Aldus levert de sector verder zijn aandeel tot de uitvoering van het engagement om bijkomende inspanningen op het vlak van permanente vorming te doen.
Binnen het Instituut voor Vorming en Onderzoek in de Confectie wordt door de ondertekenende organisaties beslist welke vormings- en opleidingsinitiatieven zullen ontwikkeld worden met deze middelen.
Art. 6.In uitvoering van de wet van 5 maart 2017Relevante gevonden documenten type wet prom. 05/03/2017 pub. 15/03/2017 numac 2017011012 bron federale overheidsdienst werkgelegenheid, arbeid en sociaal overleg Wet betreffende werkbaar en wendbaar werk sluiten betreffende werkbaar en wendbaar werk wordt voorzien in een opleidingsinspanning gelijkwaardig aan twee dagen gemiddeld per jaar per voltijds equivalent.

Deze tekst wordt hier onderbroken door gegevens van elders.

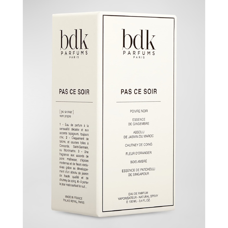 BDK Parfums Pas ce Soir 100ml Eau De Parfum apresenta sensibilidade parisiense e perfis contemporâneos. Combina matérias-primas selecionadas e construção de alto padrão.
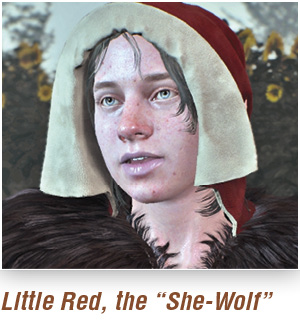 - Скажите ей: «уходи или будет кровь», и она превращается в волколака, а затем набрасывается на вас. Бой может быть сложным. Сначала сосредоточьтесь на бандитах и избегайте зверя, используя Ирден, чтобы замедлить его. Убейте Красную Шапочку и четырех бандитов вместе с ней, прежде чем встретиться со старостой для получения вашей награды. После этого обыщите волосатый труп Красной Шапочки в поисках её дневника.
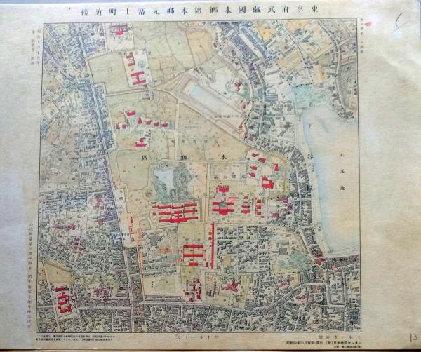 復刻明治東京彩色地図 本郷区本郷元富士町近傍 明治16年・参謀本部「五千分一東京図測量原図」昭和59年発行〇和本古書古文書
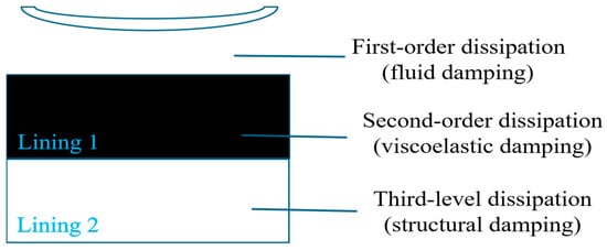 In laminated water-lubricated bearings, energy transmission and dissipation occur in three stages—fluid damping, viscoelastic damping in the flexible rubber liner, and structural damping in the backing layer. Figure 28 illustrates this sequence. Under hydrodynamic pressure, the fluid film carries the primary load. It converts part of the mechanical input into heat through viscous shear, which the lubricant flow removes. The undissipated energy is transferred to the flexible liner, Liner 1, where molecular chain friction and stress–strain hysteresis, both characteristic of viscoelastic materials, further attenuate it. Remaining energy passes to the backing liner, Liner 2. Here, secondary dissipation happens through structural damping. External operating conditions mainly govern the energy input. Increasing eccentricity reduces the minimum film thickness and elevates the peak hydrodynamic pressure. This intensifies the energy influx. Increasing rotational speed causes a steady rise in film pressure and frictional power. At high speeds, this rise shows a convex trend and markedly enhances overall system dissipation.
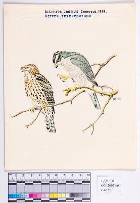 Два ястреба-тетеревятника. Accipiter gentilis. Рисунок
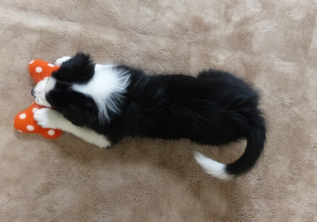 丁寧な対応をしていただきありがとうございました。徳島から大阪まで、車での長時間移動になりましたが、わが家に到着後もとても元気いっぱいです。譲り受けてから3日たちましたが、初日の夜に家族が寝室に行った後、夜鳴きしたぐらいで、普段は無駄吠えもなく、近所への気づかいの心配もありません。宮田ブリーダーさんからは分からないことがあれば連絡してと言っていただいており、ボーダーを初めて飼う当方としましては、非常に心丈夫に思っています。(大阪府 男性)
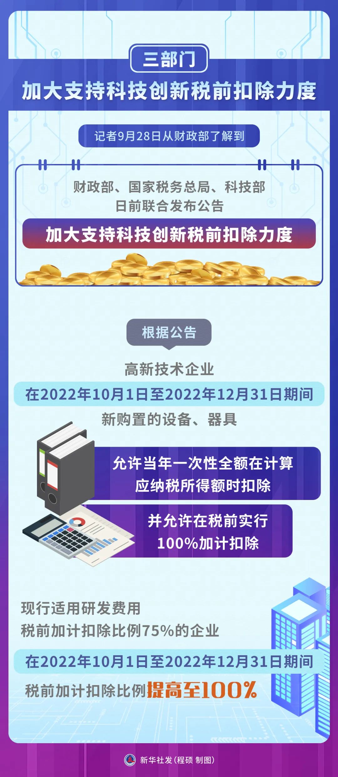 财政部、国家税务总局、科技部日前联合发布公告,加大支持科技创新税前扣除力度。
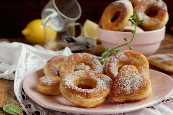 Cut out rings with a diameter of 8 cm from the dough. If you wish, you can cut out figures in the shape of a heart, etc., for Valentine’s Day.
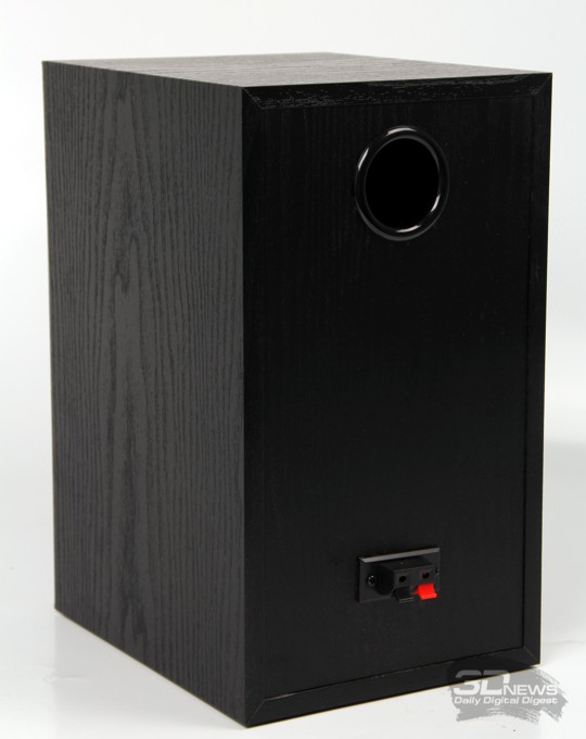 Обе колонки выполнены из 12-миллиметровой MDF-плиты (Medium Density Fiberboard, «древесно-волоконная плита средней плотности») класса E0, что на практике означает высокое качество и отсутствие вредных для здоровья примесей. Габариты и внешний вид обеих колонок совершенно идентичны – если, конечно, не заглядывать на тыльную сторону. Расположение динамиков в каждой симметрично относительно вертикальной оси.
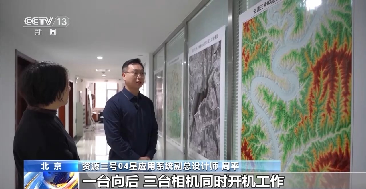 資源三號04星應用系統副總設計師 周平:衛星上面同時裝載了三臺相機拍攝,一臺向前,一臺垂直對地,一臺向后,三臺相機同時開機工作。一次成像能獲取一個地面物體三個方向的影像,構成一個立體影像。類似于我們拍3D電影的時候,三個相機從不同的角度拍同一個場景之后,我們就可以播放出3D的電影效果。

De sociale partners voorzien in een groeipad om op termijn het aantal opleidingsdagen te verhogen om aldus bij te dragen tot de interprofessionele doelstelling.
De realisatie van het groeipad wordt nagestreefd door : - het opleidingsaanbod van IVOC beter en ruimer bekend te maken aan werkgevers en werknemers; - het opleidingsaanbod van IVOC verder uit te breiden; - via IVOC acties te ondernemen om de participatiegraad aan opleidingen te verhogen; - werkgevers aan te moedigen om alle zowel formele als informele opleidingsinspanningen nauwgezet te registreren; - de erkenning door het Paritair Comité voor het kleding- en confectiebedrijf van sectorale beroepsopleidingen, in het stelsel van het betaald educatief verlof.
Art. 7.Deze collectieve arbeidsovereenkomst treedt in werking op 1 januari 2017 en houdt op van kracht te zijn op 31 december 2018.
Gezien om te worden gevoegd bij het koninklijk besluit van 2 september 2018.